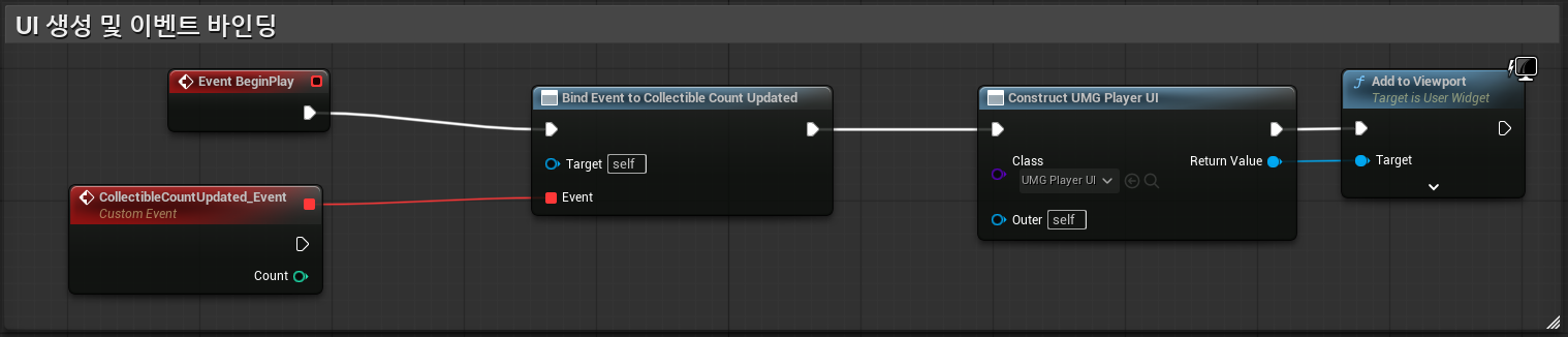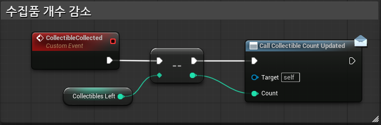 • 하나의 이벤트(Collectible 개수 변화)를 기반으로 UI, 문, 게임 로직이
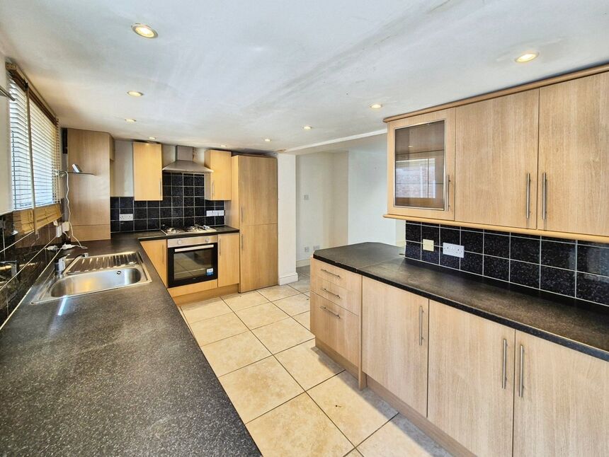 Appointed with range of matching wall and base units with work surfaces incorporating electric oven and gas hob, a sink unit and drainer. Window and door to the rear aspect.
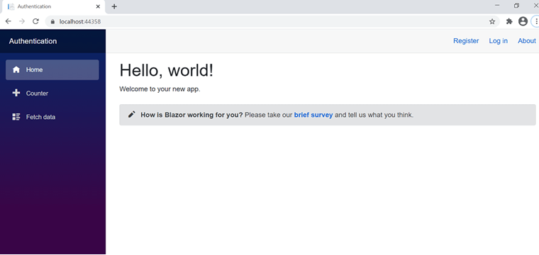 Step 5: Click the Create button to create the Blazor server-side application. Once the Blazor application is created, run the project. Now, click the Register button in the header section.
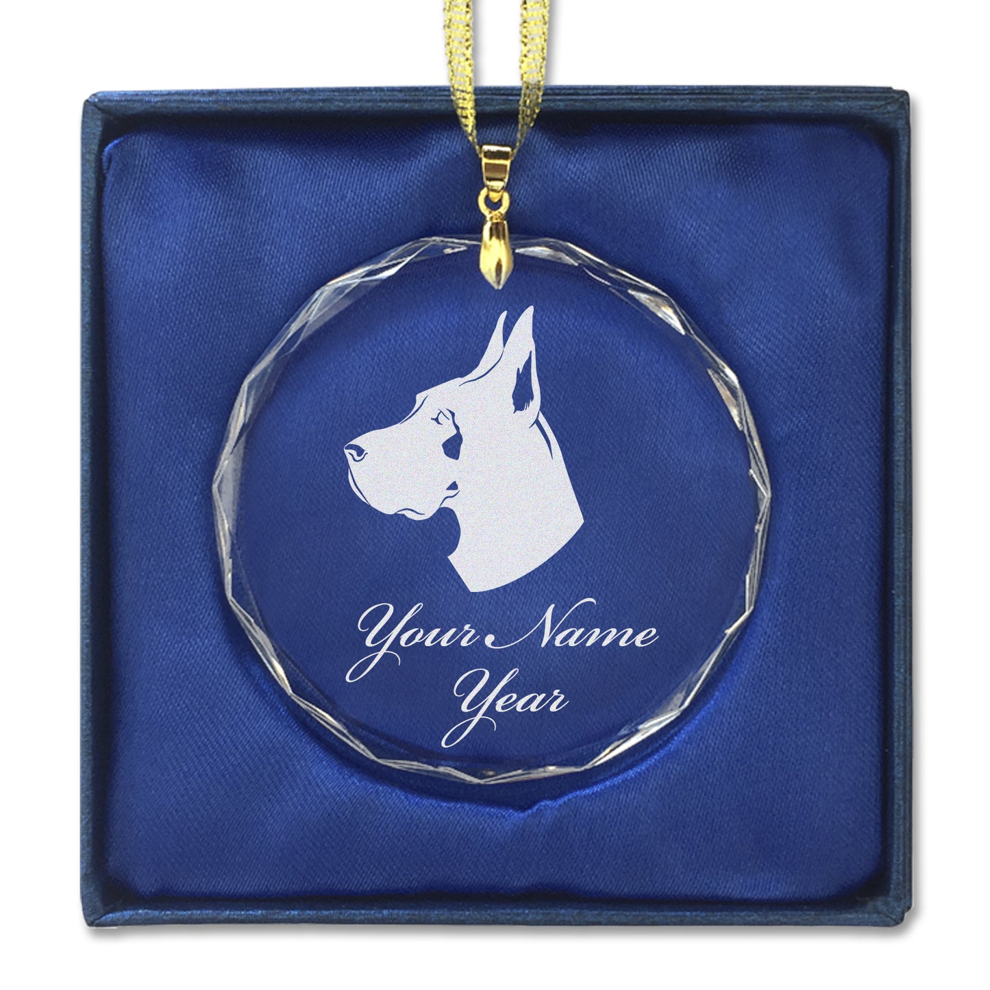 LaserGram Christmas Ornament, Great Dane Dog, Personalized Engraving Included (Round Shape)
━━━━━━━━━━━━━━━━━━━━
Exclude all pictures and return precisely the lines from the one containing "Step 5: Click" through the closing line of the data.

Answer to the exercise:
 Step 5: Click the Create button to create the Blazor server-side application. Once the Blazor application is created, run the project. Now, click the Register button in the header section.
 LaserGram Christmas Ornament, Great Dane Dog, Personalized Engraving Included (Round Shape)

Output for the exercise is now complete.